> [YOUR TASK]: Each line below must be set down exactly; omit any image you find.

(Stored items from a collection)

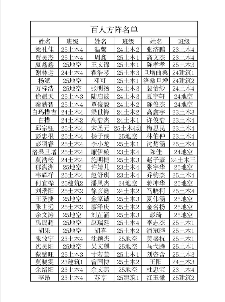在我校第四十八届运动会期间,我院学生积极参与百人方阵团队,刻苦训练。经学院研究决定,在此对参与百人方阵的同学给予通报表扬。百人方阵通报表扬名单如下
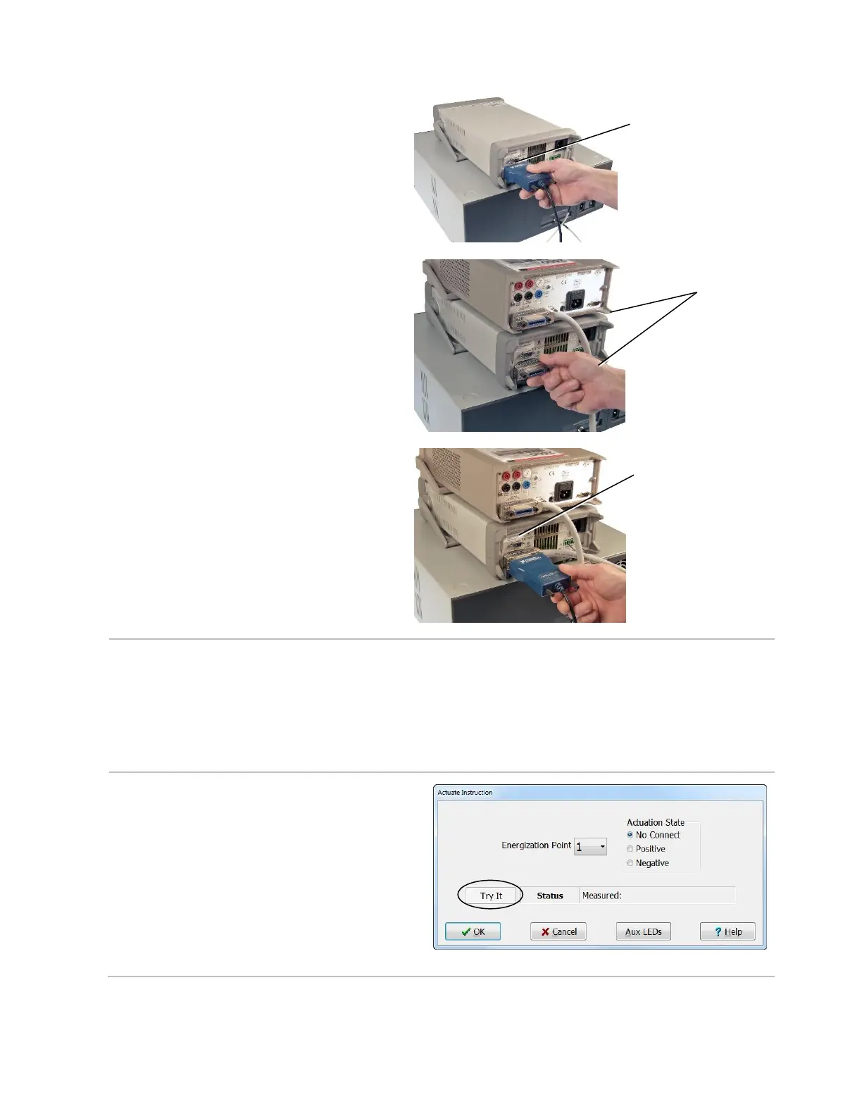 Energization points are selected in a test program using the “Actuate” instruction in the Easy-
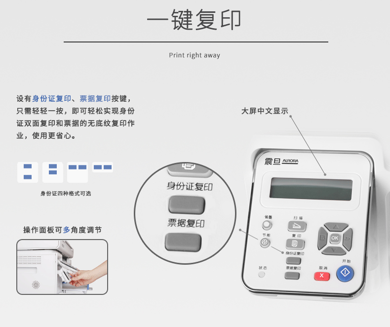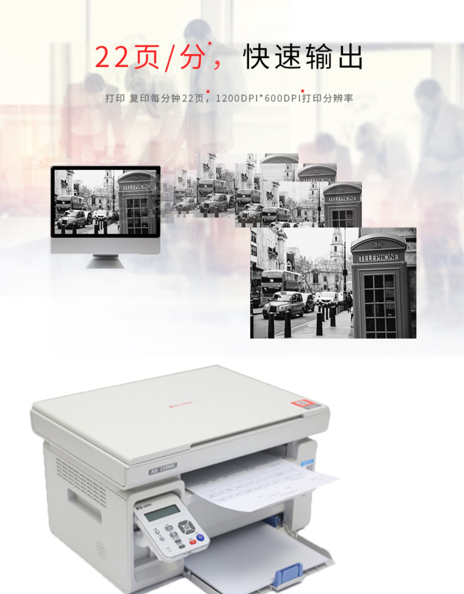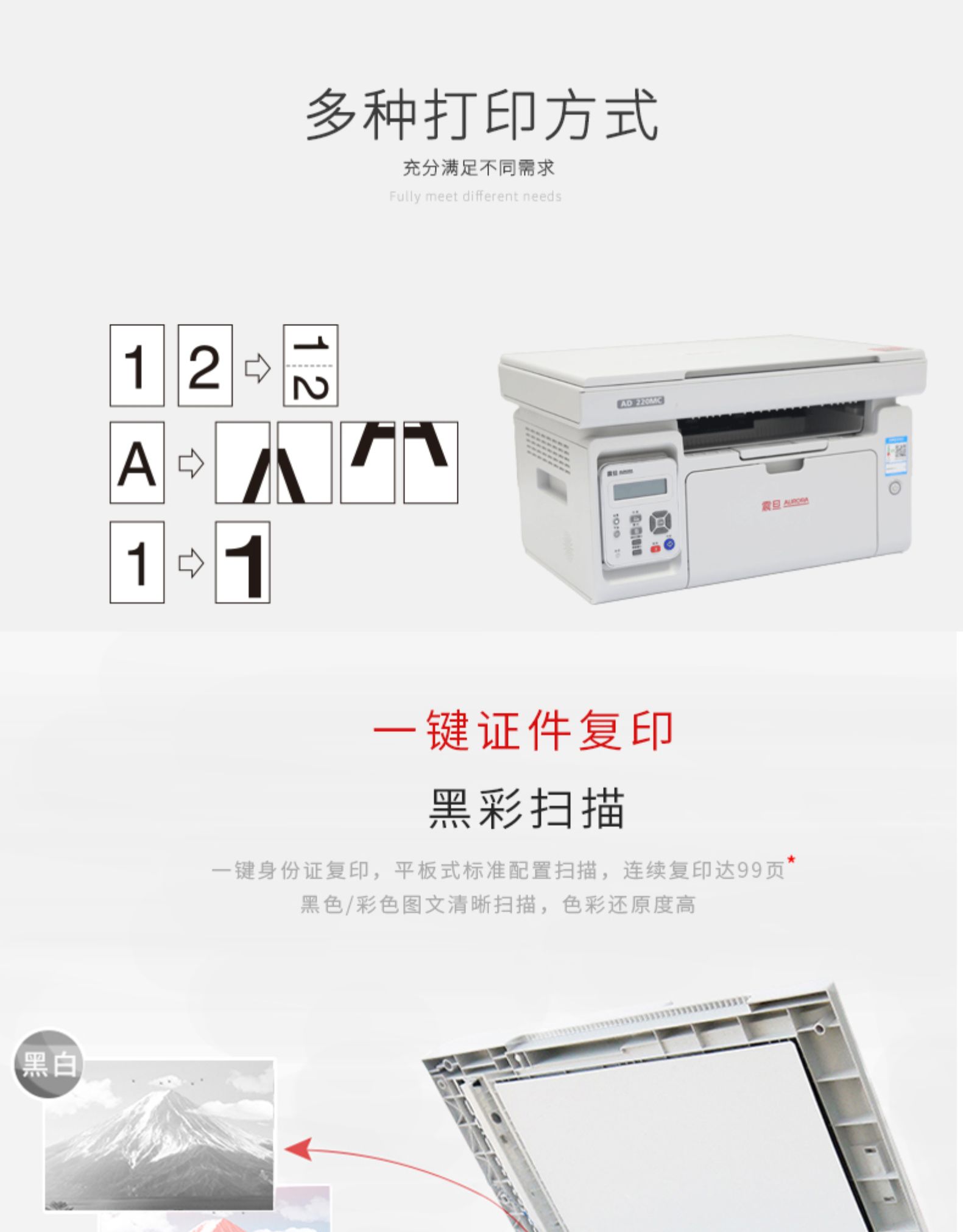 • 商品名称:震旦(AURORA) AD220MC A4黑白多功能一体机 打印复印扫描三合一
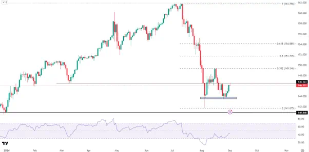 突破后顺势看高149.35一线,这里是8月初至中旬的反弹折戟的地方。反之,则延续震荡下行走势,恐下探143.50以及142下方。
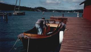 The boat has probably been built in the fourties. The construction is not that of a working fishing boat, rather a fishing style pleasure boat.
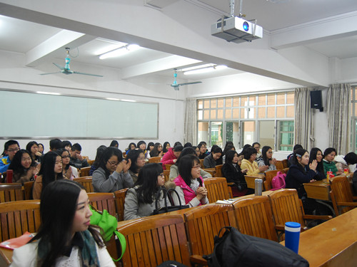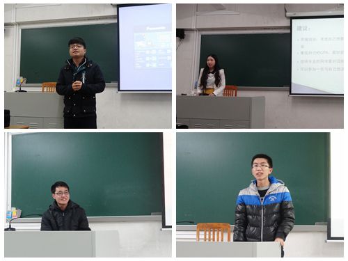 为了加深同学们对本专业的认识,解答同学们对未来规划的困惑,给同学们在求职方面的建议,在1111班桂鹏师兄的组织下,3月7日下午,2013级法英全体同学于二教110聆听了陈小虎、贾婉琳和吴俊浩三位师兄师姐的经验分享会。
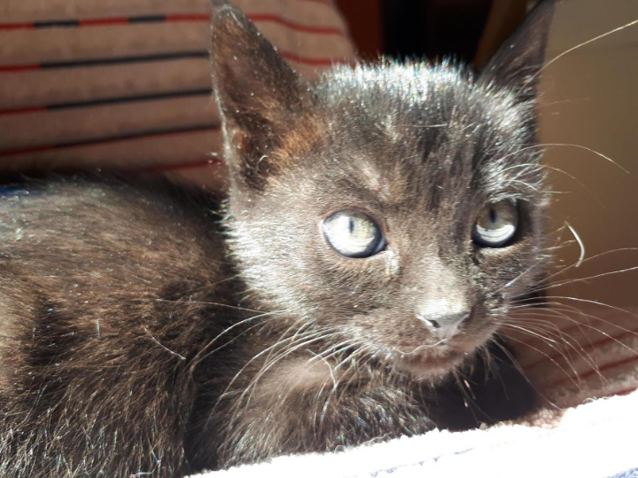 Nuit es una preciosidad negra como el carbón. Fue rescatada del motor de un coche y se encuentra en una casa de acogida, mostrando que es una loquilla, un auténtico terremoto. Estamos buscando familia para esta divertida minipanterita.
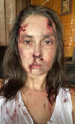 Лицо актрисы — сплошная маска: синяки, царапины, кровоподтеки... На фоне недавних скандальных историй с мужем Павлом Прилучным, который, как говорила Агата, поднимал на нее руку, снимок выглядит ужасающе достоверным.
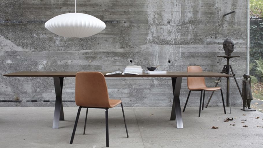 Das Gestell des LAX Tisches ist aus Stahl gefertigt und in anthrazit/tabak farbiger Ausführung sowie in Edelstahl gebürstet erhältlich.

> [EXPECTED ANSWER]:
在我校第四十八届运动会期间,我院学生积极参与百人方阵团队,刻苦训练。经学院研究决定,在此对参与百人方阵的同学给予通报表扬。百人方阵通报表扬名单如下
 Energization points are selected in a test program using the “Actuate” instruction in the Easy-
 • 商品名称:震旦(AURORA) AD220MC A4黑白多功能一体机 打印复印扫描三合一
 突破后顺势看高149.35一线,这里是8月初至中旬的反弹折戟的地方。反之,则延续震荡下行走势,恐下探143.50以及142下方。
 The boat has probably been built in the fourties. The construction is not that of a working fishing boat, rather a fishing style pleasure boat.
 为了加深同学们对本专业的认识,解答同学们对未来规划的困惑,给同学们在求职方面的建议,在1111班桂鹏师兄的组织下,3月7日下午,2013级法英全体同学于二教110聆听了陈小虎、贾婉琳和吴俊浩三位师兄师姐的经验分享会。
 Nuit es una preciosidad negra como el carbón. Fue rescatada del motor de un coche y se encuentra en una casa de acogida, mostrando que es una loquilla, un auténtico terremoto. Estamos buscando familia para esta divertida minipanterita.
 Лицо актрисы — сплошная маска: синяки, царапины, кровоподтеки... На фоне недавних скандальных историй с мужем Павлом Прилучным, который, как говорила Агата, поднимал на нее руку, снимок выглядит ужасающе достоверным.
 Das Gestell des LAX Tisches ist aus Stahl gefertigt und in anthrazit/tabak farbiger Ausführung sowie in Edelstahl gebürstet erhältlich.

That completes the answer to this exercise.